On The Blackest Weekend Ever

On the 26th of May, I posted an article urging Nigerians to wake up and work together for the common good; PROJECT 2025. Barely two weeks after and I have never been so certain of anything I’ve written. That post could have been read yesterday i.e. the Monday after the blackest weekend (in my opinion) in Nigeria’s history and it would have made more sense.

It just seems like PROJECT 2025 is too far off, what we need is PROJECT NOW! Because if any of the occurrences that happened between Friday, 1st and Sunday, 3rd should repeat itself a couple more times, the whole country would be in disarray.

First, we had the strikes embarked by the former unilag, now maulag students because of the change in the institution’s name even after their VC just passed on. Friday afternoon, a petrol tanker burst in flames on lagos-ibadan expressway destroying 24 vehicles in the process. 24 vehicles! Where was the response team, did anybody even try making a distress call, do we have a response team in the first place? If we do have one, I’m wondering what they were doing and how long it took them to get to the location before 24 vehicles burnt.

As if that was not enough, a Nigerian cargo plane crashed in Accra, Ghana claiming 15 lives. We witnessed all that, went to church on Sunday morning to pray to God for his intervention and ended service just in time to hear that there was a bomb blast in the living faith church in bauchi. There were claims that it was the members of the church nearby that actually got affected, but seriously, how heartless can you be that you would blow up your fellow Human being in the name of fulfilling religious rites?

I recommend that if you are tired of life, you should see a psychologist and if that doesn’t work, you can try jumping off a cliff or a plane, so you end up hurting yourself alone and not disturbing others. Well, the Boko Haram bomb blast was just a prologue to the Dana plane crash some hours later that day in Lagos. A “supposed prefect, efficient” plane crashed tail first into a two storey building four minutes away from the airport. That when the cankerworm crawled out, the so called plane was a used plane the real owners didn’t trust and one of our most respected airlines in Nigeria opted to purchase it to transport lives. Allegations were even made that the plane had issues some weeks earlier and was supposed to be headed to a maintenance workshop that fateful Sunday, but the Indian owners enforced that it should be put into service, and our own brothers and sisters working in the ministry signed and issued the plane permission to  fly.
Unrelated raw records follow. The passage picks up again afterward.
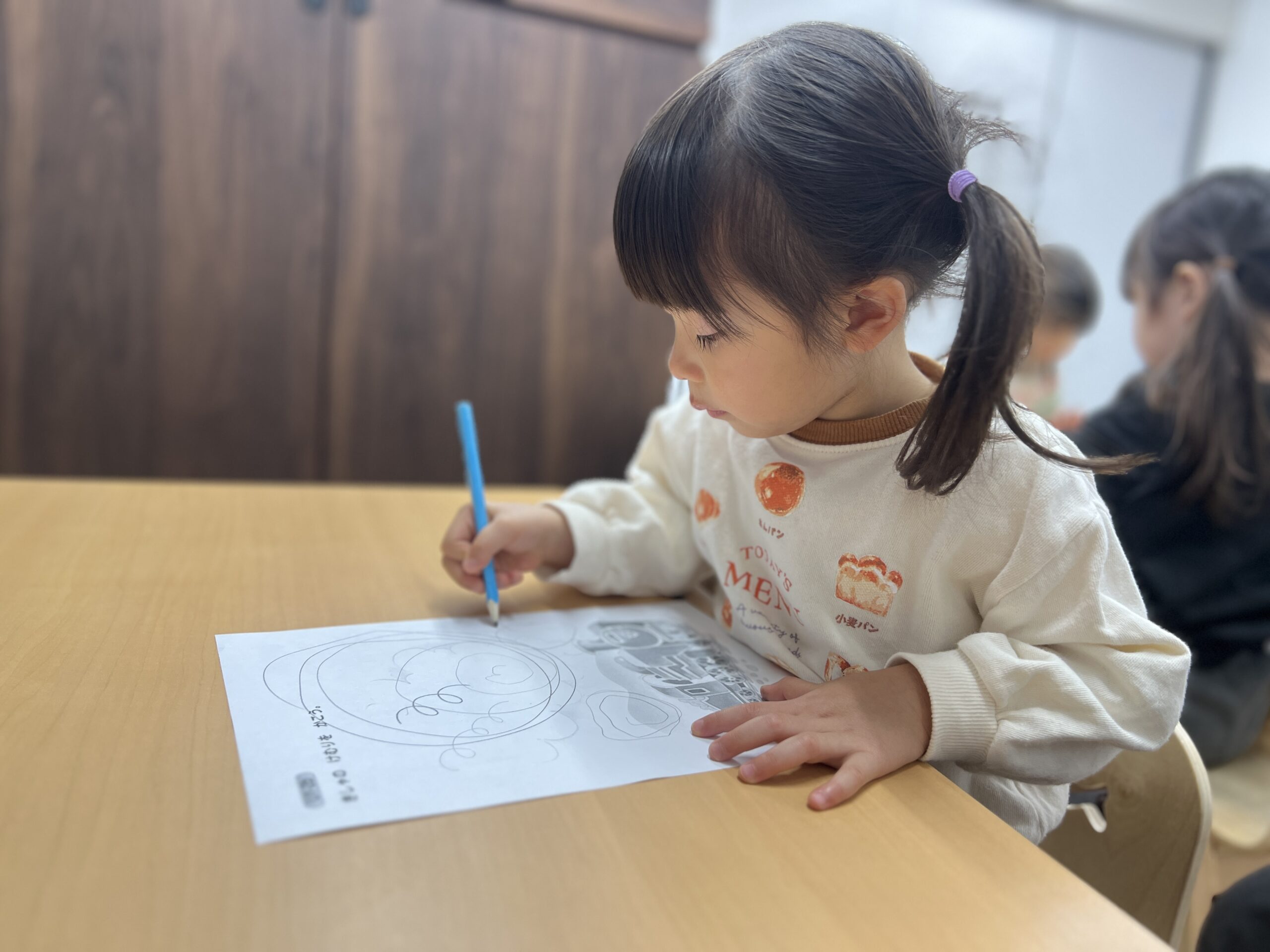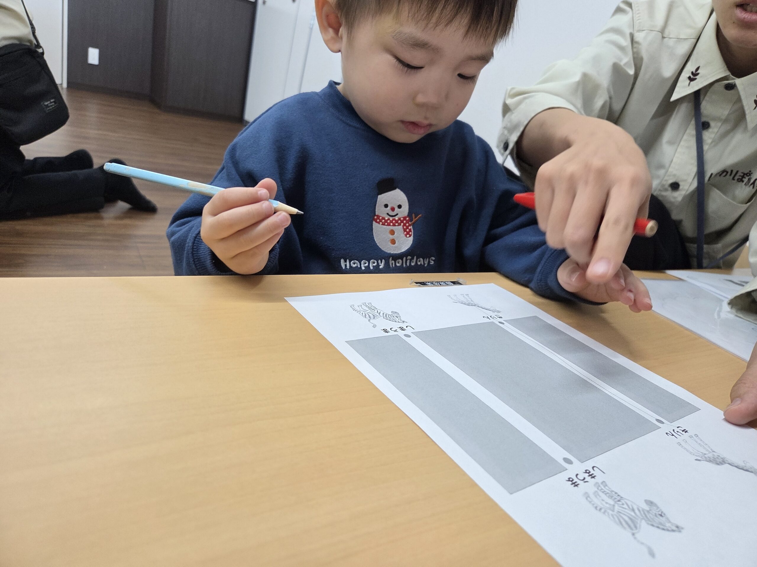 鉛筆でなぞったり書いたり、クレヨンで塗ったり楽しそう~
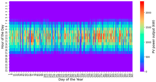 Solar PV provides unbounded energy without releasing harmful GHG [41] and is one of the major sources of RE in the system. The size of PV is optimized using HOMER to meet the load demand. The capital cost of PV is AUD 930/kW with an O&M cost of AUD 14/kW/year. The lifetime of the PV is 25 years referring to the same duration of the project, so no replacement cost is needed. The derating factor is 88% which is used to consider any power loss effect on the real output power of the PV [42] due to weather conditions, dust, or others. Based on the solar radiation, PV panel temperature, and derating factor, the PV output is determined in the following Equation (7) [42]:
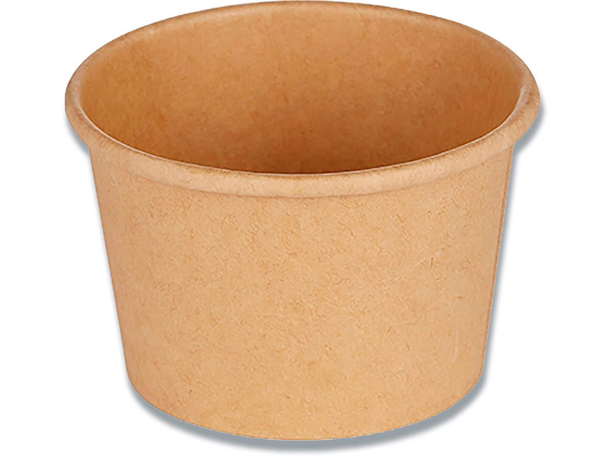 Dressingbæger i brun kraft med PE coating på indersiden for høj barriere mod gennemtrængning. Der findes både plastlåg og paplåg til dette bæger.
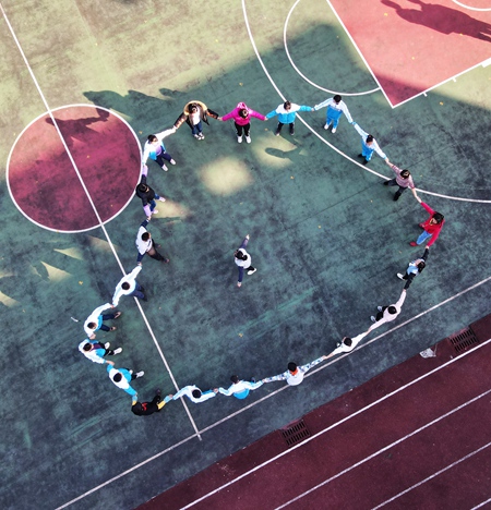 11月9日,在貴州省遵義市鳳岡縣特殊教育學(xué)校,老師帶領(lǐng)學(xué)生們在操場做游戲。視覺中國供圖
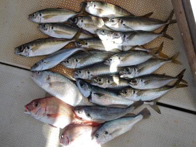 マアジ | 25〜30cm | 17匹 | 胴付き3本針 | 青虫・オキアミ |
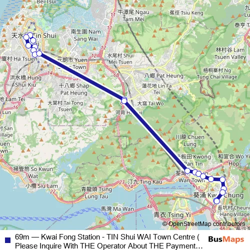 Bus 69m - Kwai Fong Station - TIN Shui WAI Town Centre (Please Inquire With THE Operator About THE Payment Arrangement OF THE TWO-WAY Fare ON This Route.): Full Schedule in Yuen Long

How greedy is that? You wanted gain but now you’ve lost the plane alongside lives. Is that what we need as a nation? Useless, ill-maintained planes that would fly us? I reckon if you witnessed the happenings this weekend and you don’t see a need for change, you should see a doctor. It’s high time the masses stopped suffering for decisions made by some “high class” citizens. It’s high time we had a say in the governing of our country, its high time God is brought into this equation.

Nigeria was selected as one of the top ten countries that had the highest possibility of having a stable developed economy. That basically means we have hope, and where there is hope, anything is achievable. So like you read last week, PROJECT 2025 can be a reality, actually, it is a reality, it only needs your input and efforts. There’s no use ignoring all that’s happening around us or minding your business, because that house that the plane crashed in could have been yours. To prevent this, we need to join hands and scrub this country clean of its ever growing dirt. It’s in our hands now.

This is our country, our motherland, it should depict our culture and who we are, not depict some greedy, power-craving people, so let’s fight to make sure it does.

To all the families of the victims of the plane crashes, the fuel tanker accident and the bomb blast, accept my sincere sympathies, may your loss turn to benefits and your joy be replenished in a thousand folds.

What has happened has happened; we just have to make sure it doesn’t repeat itself.

I am a motivational speaker and writer by mandate, PROJECT 2025 is definitely a reality!

Damstylee

4 thoughts on “On The Blackest Weekend Ever

  1. rily d saddest weekend of ma entire life, reading thru d manifest alone let tears out of ma eyes, let alone looking thru the pictures of the deceased, i rily dont have much to say, but its our call fellow youths. let us rise to this cause and elevate ourselves to where we ought to be… RIP, Inie-ebong asuquo. the “gENeration next”, Its our call. vision 2025 is a reality!!!